Extending school hours ‘could stop young people stabbing each other’, Tory MP claims

·3 min read
Gate of a residential building painted in black.
Conservative MP Robert Halfon wants to extend school days. (Getty)

A Tory MP has suggested extending school hours could prevent knife crime among young people and save lives.

Conservative MP Robert Halfon, chairman of the Education Select Committee, made a plea to extend the school day.

Writing in the Sun newspaper in support of the proposal, Halfon said half of all knife crime in England occurs after classes end between 4pm and 6pm.

“Imagine the bloodshed that could be spared if these youngsters were at school instead," he wrote.

Robert Halfon MP speaking at a fringe event at the Conservative Party Conference in Manchester. Picture date: Tuesday October 5, 2021. Photo credit should read: Matt Crossick/Empics
Chairman of the education select committee Robert Halfon (Getty)

In a 2019 Ofsted report called ‘Safeguarding children and young people in education from knife crime’, it said the "most dangerous time for children is shortly after school, between 4pm and 6pm".

According to a report in the Guardian in 2018, 22% of stabbing victims under the age of 16 treated by the Royal London hospital were attacked between 4pm and 6pm on weekdays.

Halfon, Tory MP for Harlow, suggested extended school hours should be rolled out in deprived areas first to help less well-off youngsters.

He argued days were too short for millions of poorer pupils and stopped them from reaching their full potential.

Halfon said at elite and private schools, children were not “packed off home” at 3.15pm every day and instead, they were given sport and music activities to do.
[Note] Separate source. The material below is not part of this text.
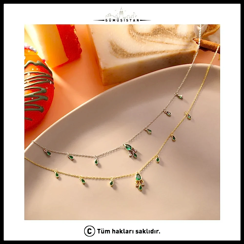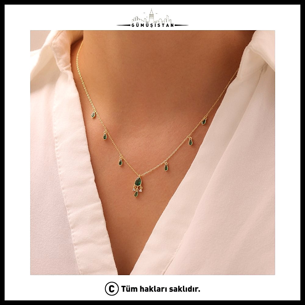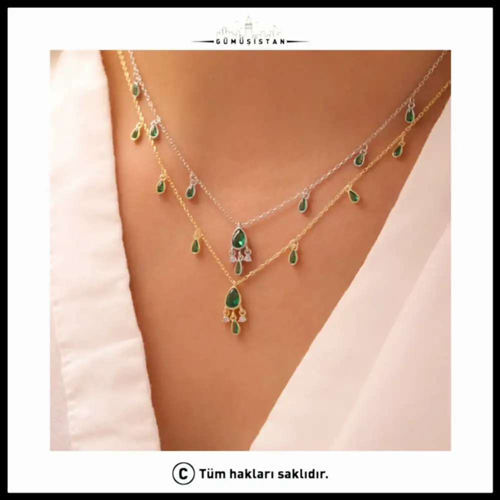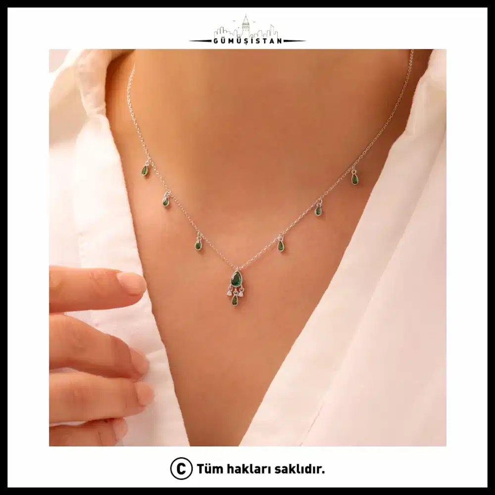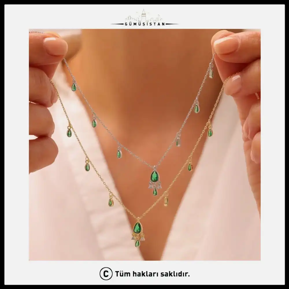 925 Ayar Gümüş Zümrüt Taşlı Salaş Kolye

He added extended school days would also help pupils catch up on studies after they were interrupted by the COVID lockdowns.

Speaking in the Commons on Monday, Halfon asked new Education Secretary Nadhim Zahawi to continue to make a case for a longer school day.

He said: “We know from the Education Policy Institute that it increases educational attainment from two to three months, especially amongst disadvantaged pupils.

“We know that a longer school day, according to the department for culture, media, sports, increases numeracy by 29%. So, this increases educational attainment.

“Will he at least consider some pilot schemes in disadvantaged areas around the country where we can have a longer school day?”

Zahawi told MPs there are some “excellent examples” he would examine.

Britain's Education Secretary Nadhim Zahawi leaves Downing Street after attending a cabinet meeting in central London on October 27, 2021 before the government's annual budget announcement. - Britain will unveil its latest budget, looking to fix the public finances after emergency pandemic support sent debt rocketing. (Photo by DANIEL LEAL-OLIVAS / AFP) (Photo by DANIEL LEAL-OLIVAS/AFP via Getty Images)
Education Secretary Nadhim Zahawi. (Getty)

On Wednesday, the Education Select Committee questioned Zahawi over whether the Department for Education (DfE) plans to lengthen the school day to help pupils catch up on lessons following school closures.

He said: “What the chair is asking about is ‘are we going to have a longer school day?’. No, we’re not on the whole. 

"We’re saying we’ve got targeted funds to deliver.”

Last week, the government announced it would provide an extra £1.8 billion to help children recover learning lost during the pandemic, bringing total catch-up funding so far to £4.9 billion.

A bill from Halfon also aims to redefine schools as “essential infrastructure” to protect millions of pupils from future shutdowns due to COVID.

Zahawi told MPs he would look at Halfon’s Bill, adding“This is not a snowflake generation. They were really resilient, but actually keeping schools open has to be my priority.”